Li, a legal historian and journalist, examines the failed nomination of a Depression-era Supreme Court justice.
As the descendent of one of North Carolina’s most distinguished families, John J. Parker’s ancestors included Revolutionary War veterans, two governors (one was also a U.S. senator), and one of the first six justices of the U.S. Supreme Court. When Parker himself was nominated by President Herbert Hoover to the Supreme Court in 1930, most journalists and political insiders assumed his confirmation was a given. Yet, despite his pedigree and tenure as young judge, not to mention his connections to some of the South’s most powerful politicians, Parker’s nomination would go down as one of the most hotly contested failed appointments in history. Nominated during the peak of Jim Crow discrimination in the South and the nascent economic collapse associated with the Great Depression, Parker confronted intense opposition from Black civil rights activists and labor organizers.
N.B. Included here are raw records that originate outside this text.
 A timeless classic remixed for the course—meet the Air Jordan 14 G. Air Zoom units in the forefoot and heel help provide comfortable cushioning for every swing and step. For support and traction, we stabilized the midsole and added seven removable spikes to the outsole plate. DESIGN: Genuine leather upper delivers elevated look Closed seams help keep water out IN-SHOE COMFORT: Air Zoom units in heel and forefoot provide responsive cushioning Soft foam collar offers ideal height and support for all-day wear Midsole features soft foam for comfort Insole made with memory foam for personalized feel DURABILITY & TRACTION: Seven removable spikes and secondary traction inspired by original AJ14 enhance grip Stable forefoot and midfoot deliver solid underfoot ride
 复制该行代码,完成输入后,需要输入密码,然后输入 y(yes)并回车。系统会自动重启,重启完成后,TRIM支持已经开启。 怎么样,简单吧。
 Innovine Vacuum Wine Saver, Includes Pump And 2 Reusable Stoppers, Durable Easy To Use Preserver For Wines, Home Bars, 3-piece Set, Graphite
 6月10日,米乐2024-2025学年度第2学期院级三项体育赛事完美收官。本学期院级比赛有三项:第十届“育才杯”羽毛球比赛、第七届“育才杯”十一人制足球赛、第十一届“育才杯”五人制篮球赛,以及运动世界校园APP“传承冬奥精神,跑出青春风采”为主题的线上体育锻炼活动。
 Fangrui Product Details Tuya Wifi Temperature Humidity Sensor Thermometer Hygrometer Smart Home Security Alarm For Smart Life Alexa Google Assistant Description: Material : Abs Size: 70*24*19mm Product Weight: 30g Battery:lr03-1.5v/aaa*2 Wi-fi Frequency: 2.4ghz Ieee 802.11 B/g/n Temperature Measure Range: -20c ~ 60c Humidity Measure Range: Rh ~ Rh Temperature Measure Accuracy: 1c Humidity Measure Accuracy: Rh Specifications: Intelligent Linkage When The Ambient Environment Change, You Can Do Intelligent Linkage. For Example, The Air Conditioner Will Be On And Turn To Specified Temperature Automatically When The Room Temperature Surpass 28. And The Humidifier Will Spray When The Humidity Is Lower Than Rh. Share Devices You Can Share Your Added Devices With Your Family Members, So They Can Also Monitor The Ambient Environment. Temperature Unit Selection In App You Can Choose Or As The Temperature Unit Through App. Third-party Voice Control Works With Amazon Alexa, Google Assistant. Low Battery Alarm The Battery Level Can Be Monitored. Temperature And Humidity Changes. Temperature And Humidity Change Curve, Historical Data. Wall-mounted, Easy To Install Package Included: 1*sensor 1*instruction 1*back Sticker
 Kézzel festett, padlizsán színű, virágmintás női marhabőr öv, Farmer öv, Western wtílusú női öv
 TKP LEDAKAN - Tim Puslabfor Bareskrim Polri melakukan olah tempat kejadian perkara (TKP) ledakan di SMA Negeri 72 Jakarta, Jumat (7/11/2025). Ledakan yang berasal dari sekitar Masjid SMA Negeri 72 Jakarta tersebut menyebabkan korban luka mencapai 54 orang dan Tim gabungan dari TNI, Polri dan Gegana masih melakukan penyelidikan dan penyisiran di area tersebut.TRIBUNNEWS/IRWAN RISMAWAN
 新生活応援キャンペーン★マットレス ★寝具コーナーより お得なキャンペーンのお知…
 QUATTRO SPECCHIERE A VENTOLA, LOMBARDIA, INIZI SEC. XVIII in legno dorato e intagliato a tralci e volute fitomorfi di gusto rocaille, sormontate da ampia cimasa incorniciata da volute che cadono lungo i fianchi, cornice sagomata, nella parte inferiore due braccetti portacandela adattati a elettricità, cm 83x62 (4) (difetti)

As a member of the Republican Party’s “lily-white” southern faction, Parker had previously declared his support of segregation and laws that severely limited the ability of Black Americans to vote. He had also taken legal stances against the United Mine Workers of America in favor of coal companies. These positions ignited a firestorm of pressure within the Republican Party, and Parker’s nomination would be rejected in a close vote. While the campaign to take down Parker is reported in fascinating detail, what truly stands out in this book are the connections Li makes between this ideological battle of 1930 to the later politicalization of Supreme Court nominees from Robert Bork to Brett Kavanaugh; the author argues that Parker set a precedent that would define nominations across going forward. An assistant managing editor of the American Bar Association’s ABA Journal, host of the Legal Rebels Podcast, and author of a book on Richard Nixon’s electoral strategy, Li blends an absorbing, accessible writing style with solid research based largely on archival and primary sources.
A well-researched, profoundly relevant story of a failed judicial nomination.